Autumn 1933: the first issue of Esquire Magazine. Photography: Hearst International


IT IS SENSIBLE for any magazine to have a clear idea of who it thinks its ideal reader is. When Esquire was launched in the United States in October 1933, the magazine’s founders went so far as to commission an illustration. Esky, as he was christened, was the creation of the pioneering Black cartoonist E. Simms Campbell, who’d learned his craft sketching the passengers on the trains whose dining car tables he’d once cleared. Esky was an affectionate caricature of a pre-World War II urban dandy, both stylish (the luxuriant silver moustache, swish black homburg) and wryly inquisitive (the bulging blue eyes beneath sardonically arched eyebrows). Some representations of Esky reinforced the point by adding a rolled-up copy of Esquire, tucked beneath one sleeve of a smartly cut overcoat.

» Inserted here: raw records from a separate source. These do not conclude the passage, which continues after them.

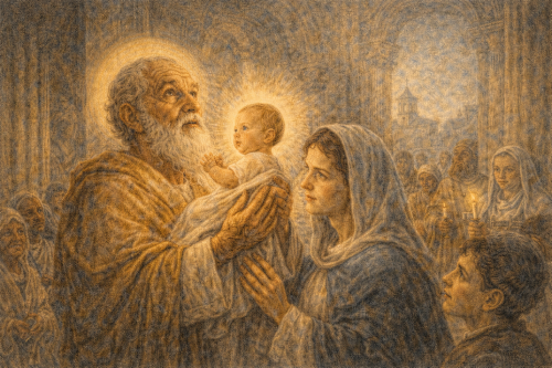 Gdy dobiegły końca dni ich oczyszczenia według Prawa Mojżeszowego, Maryja i Józef zabrali Jezusa do Jerozolimy, aby przedstawić Go Panu, jak napisano w Prawie Pańskim: „Każdy mężczyzna, który otwiera łono, będzie poświęcić się Panu” i złożyć ofiarę z „pary synogarlic albo dwóch młodych gołębi”, zgodnie z nakazem Prawa Pańskiego.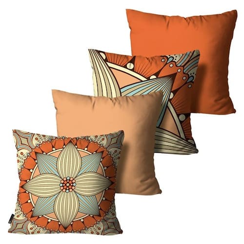 Kit 4 Capas de Almofadas Mdecore Mandala Laranja 45x45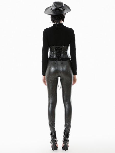 Dark in love Black Gothic Snakeskin Cut-Out Leggings for Women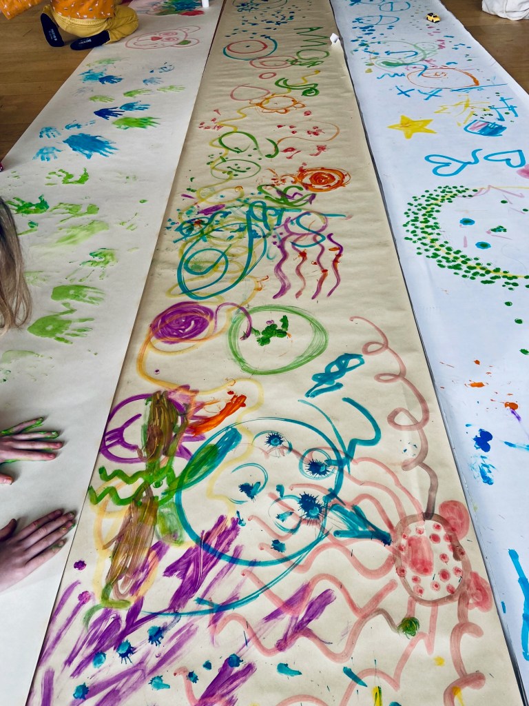 The creative explorations on large paper last week were mesmerising – so many children and grown ups adding to the work of art; we saw flowers, faces, lines, dots, circles, names, handprints and even solar systems!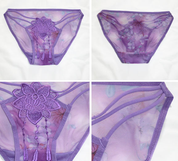 シースルー花柄模様とフロント花コサージュがエレガント♪フロントの花コサージュが特徴的なキレイめショーツが登場♪エレガントなパープルカラーが優しく、サイド紐は3ラインになっており、大人セクシーを演出してくれます◎フロントとヒップはシースルー生地に花柄模様がプリントされているのでボディをより美しく魅せてくれます☆露出度は低めですが、デザイン性が高くどんな方でも履けちゃうショーツになっています!サイズ:フリーサイズ(Mサイズ相当)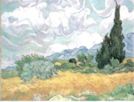 393— Винсент Ван Гог. «Пшеничное поле и кипарисы» 1889 г. Холст, масло. 72,4 х 91>4 см. Национальная галерея. Лондон. Воспроизводится с любезного разрешения Управления галереей

But Esky had clearly led a life enjoyed by few Americans of this period. It was only four years since the Wall Street Crash had destroyed the nation’s economy, and though recently inaugurated new President, Franklin D. Roosevelt, had launched the eventually transformative measures known as the New Deal, nearly a quarter of the workforce remained unemployed. An unabashedly aspirational magazine like Esquire was a big bet on America’s optimism, and capacity to reinvent itself.

This wager was placed by Chicago publisher David Smart, New York businessman Henry L. Jackson—who also had a background in journalism—and Michigan editor Arnold Gingrich. They toyed with a few different mastheads: their new magazine might have been Trim, Beau or Stag, until the eye of Gingrich’s secretary was caught by a letter to her boss. It was addressed to Arnold Gingrich, Esq.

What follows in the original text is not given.